* **Collected material**:
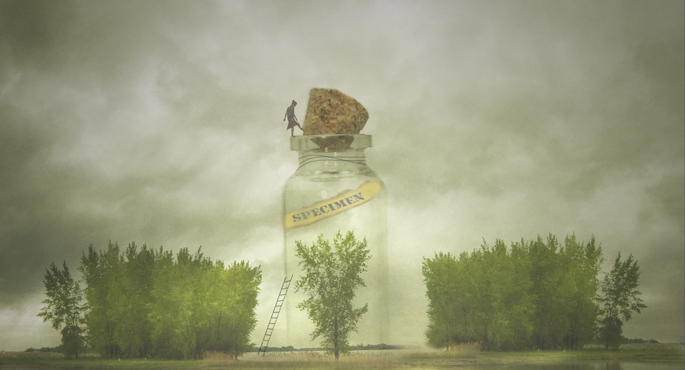 Fresh bushes, threatening clouds, a figure that closes a glass case, where the last tree will be preserved as a museum piece. It is a fantasy world with a clear and very timely message, in an era of increased awareness of environmental pollution and climate change.
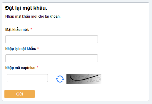 Bước 6: Người dùng nhập các thông tin mật khẩu mới à nhấn Gửi. Sau đó đăng nhập vào hệ thống bình thường với account và mật khẩu mới vừa reset.
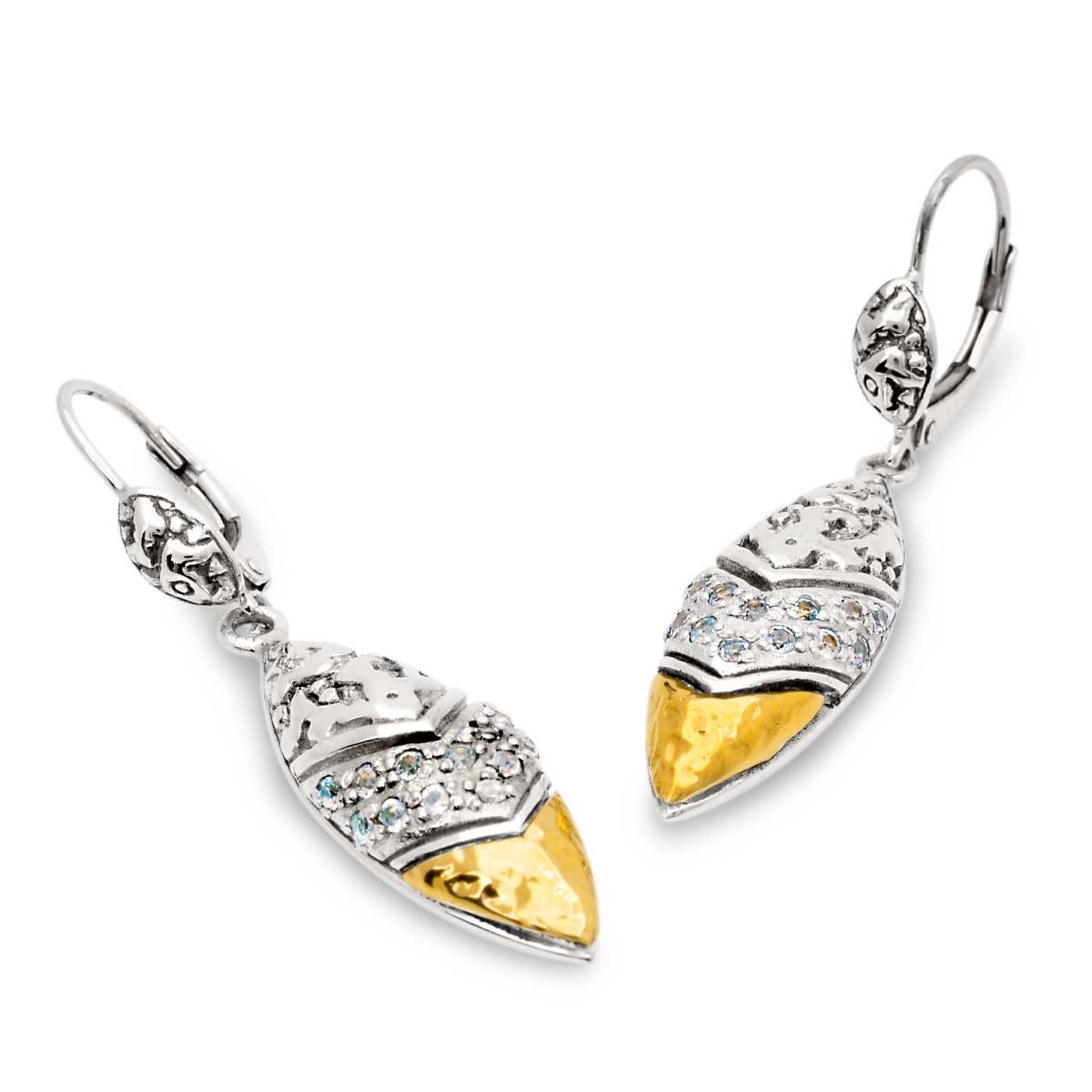 Silver & Gold Earring Plaster Texture, 18K Gold White Topaz

* **Task statement**: Only the text of the listing should be returned, exactly and in full; no image goes into the copy.

* **Solved problem**:
 Fresh bushes, threatening clouds, a figure that closes a glass case, where the last tree will be preserved as a museum piece. It is a fantasy world with a clear and very timely message, in an era of increased awareness of environmental pollution and climate change.
 Bước 6: Người dùng nhập các thông tin mật khẩu mới à nhấn Gửi. Sau đó đăng nhập vào hệ thống bình thường với account và mật khẩu mới vừa reset.
 Silver & Gold Earring Plaster Texture, 18K Gold White Topaz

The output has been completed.